ECLI:NL:PHR:2002:AD5321
Parket bij de Hoge Raad
- L. Strikwerda
- Rechtspraak.nl
Cassatieberoep inzake erfgenamen en wettelijke rente over erfdeel
In deze zaak gaat het om een cassatieberoep dat is ingesteld door [eiser] tegen de gezamenlijke erfgenamen van [erflater], [verweerder 2] en de stichting Bewindvoering, die optreedt als bewindvoerster over [betrokkene A]. Het cassatieberoep is tijdig ingesteld en berust op drie middelen. Het eerste middel betreft de beslissing van het Hof om de deskundigen te volgen in hun oordeel over het reductiepercentage bij de waardebepaling van de onroerende zaken. De Hoge Raad oordeelt dat de waardering van bewijs, inclusief deskundigenrapporten, aan de rechter is overgelaten en dat deze waardering in cassatie niet op juistheid kan worden onderzocht. Het Hof heeft in zijn motivering voldoende onderbouwd waarom de juridische grondslag van het gebruik van de onroerende zaken weinig invloed heeft op de prijs in het economisch verkeer.
Het tweede middel richt zich tegen het oordeel van het Hof dat de wettelijke rente over het erfdeel van [eiser] pas toewijsbaar is vanaf het moment dat daarop aanspraak is gemaakt, en niet vanaf de dag van overlijden van de erflater. De Hoge Raad oordeelt dat het middel niet voldoet aan de eisen van de wet, omdat het niet voldoende onderbouwt waarom er van de wettelijke regeling moet worden afgeweken.
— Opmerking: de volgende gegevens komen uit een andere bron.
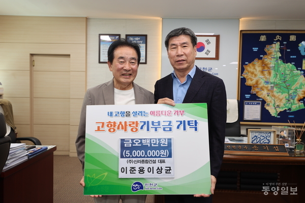 ㈜신라건설 이상균·이준용 대표는 12일 진천군에 고향사랑기부금 500만원을 전달했다. 이날 전달식에는 박관순(우측) 이사가 대신 참여했다. 진천군

Het derde middel betreft de afwijzing van het verzoek om nader deskundigenonderzoek en het bewijsaanbod van [eiser]. De Hoge Raad stelt vast dat het aan de rechter is om te bepalen of er behoefte is aan nadere deskundige voorlichting. Het bewijsaanbod van [eiser] wordt als te vaag beoordeeld, en de Hoge Raad concludeert dat de klachten van [eiser] niet tot cassatie kunnen leiden. De conclusie van de Procureur-Generaal is om het beroep te verwerpen, met toepassing van artikel 101a van de Wet op de rechterlijke organisatie.